Genome-Wide Cell-Free DNA Analysis for Aneuploidy Detection in Miscarriages: Test Performance Meta-Analysis.

OBJECTIVE

To conduct a systematic review and meta-analysis of published series examining the efficacy of genome-wide cell-free DNA (cfDNA) testing in identifying aneuploidy in pregnancies ending in miscarriage.

METHODS

A systematic review was conducted encompassing observational studies evaluating aneuploidy detection by genome-wide cfDNA testing in pregnancy losses before 22 weeks of gestation. A hierarchical summary receiver operating curve was employed to assess pooled sensitivity, specificity, and area under the curve (AUC) of genome-wide cfDNA versus genetic diagnostic studies in the detection of aneuploidy.
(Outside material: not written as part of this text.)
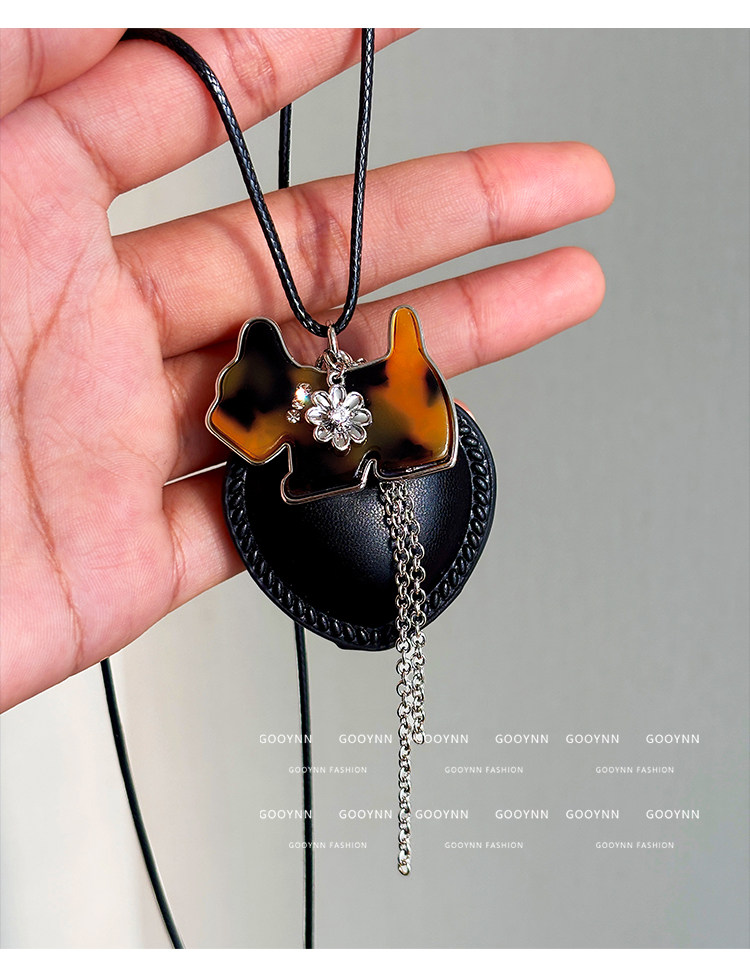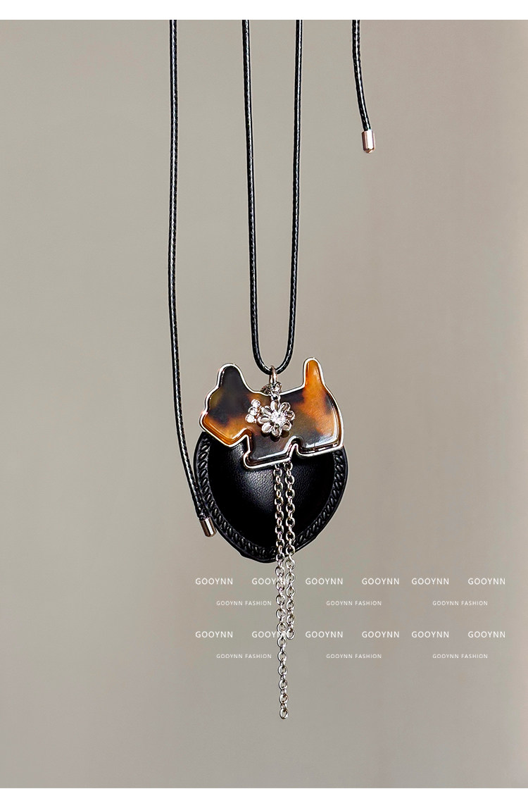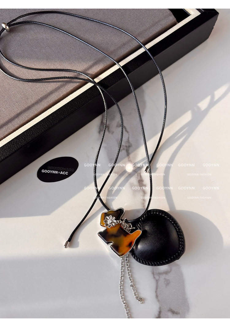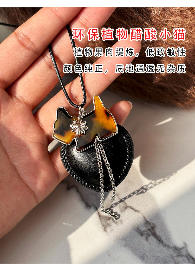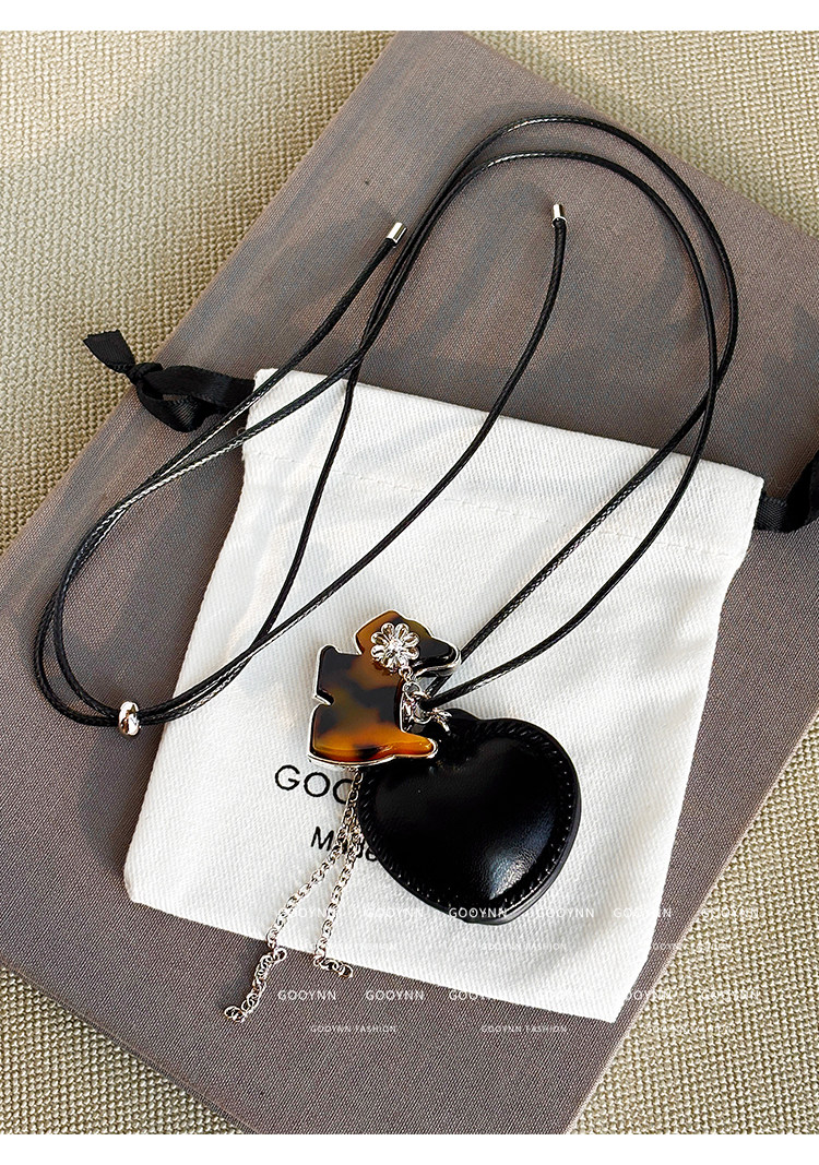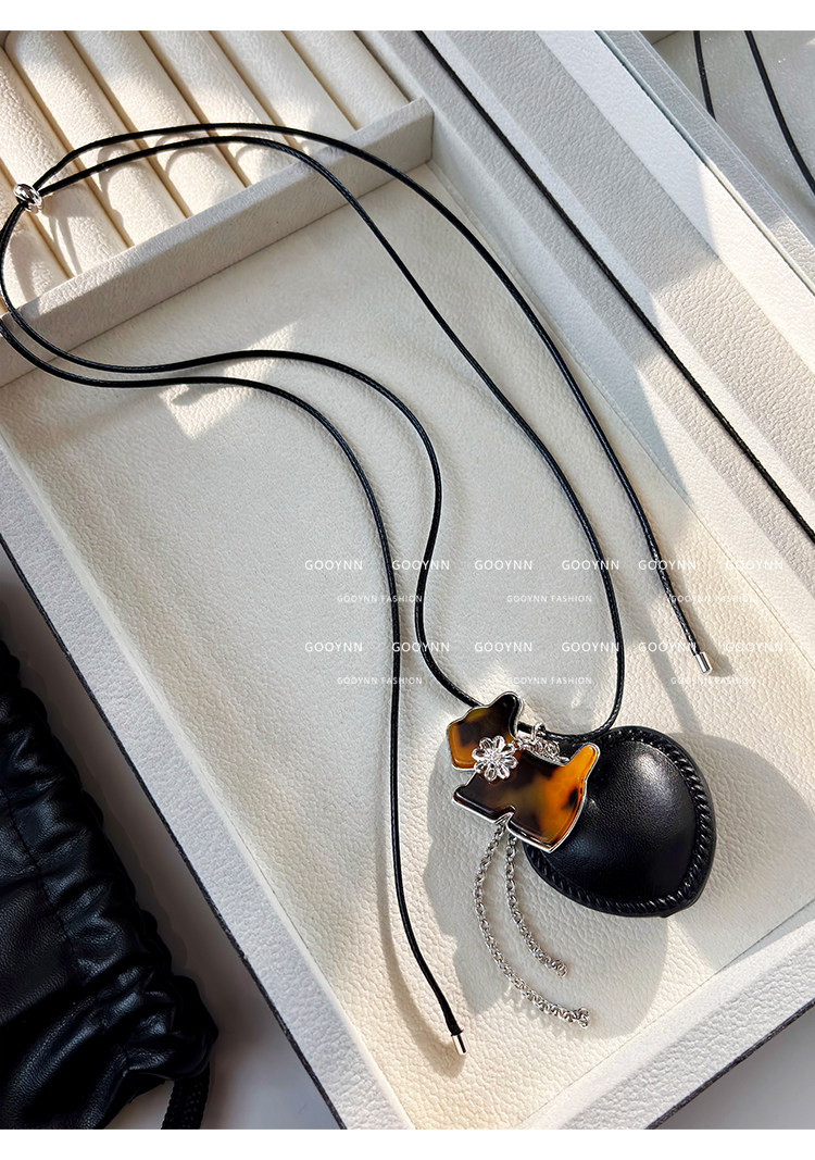 韓系ins黑色皮繩愛心項鍊女設計感小衆長款小貓吊墜毛衣鏈配飾品

Pooled aneuploidy rate, rate of no-calls, and concordance between cfDNA and diagnostic studies were analyzed using a single proportion meta-analysis based on the inverse of the variance.

RESULTS

Out of 25 eligible series, eight studies were included for analysis, comprising 552 miscarriages with informative results for both cfDNA and diagnostic testing. Pooled sensitivity, specificity, and AUC were 78% (95% CI: 71%-83%), 91% (95% CI: 86%-95%), and 92%, respectively. Pooled aneuploidy rate, the proportion of no-calls, and concordance were 61% (95% CI: 53%-69%), 4% (95% CI: 0%-12%), and 84% (95% CI: 81%-87%), respectively. In cases of positive cfDNA results, the risk of aneuploidy increased to 93%, whereas negative results yielded a 28% risk of aneuploidy.

CONCLUSION

cfDNA testing demonstrates acceptable accuracy in predicting fetal aneuploidy when employed as a screening test in miscarriages. The main advantage of cfDNA testing is that it does not require the availability of products of conception or prior chorionic villi sampling.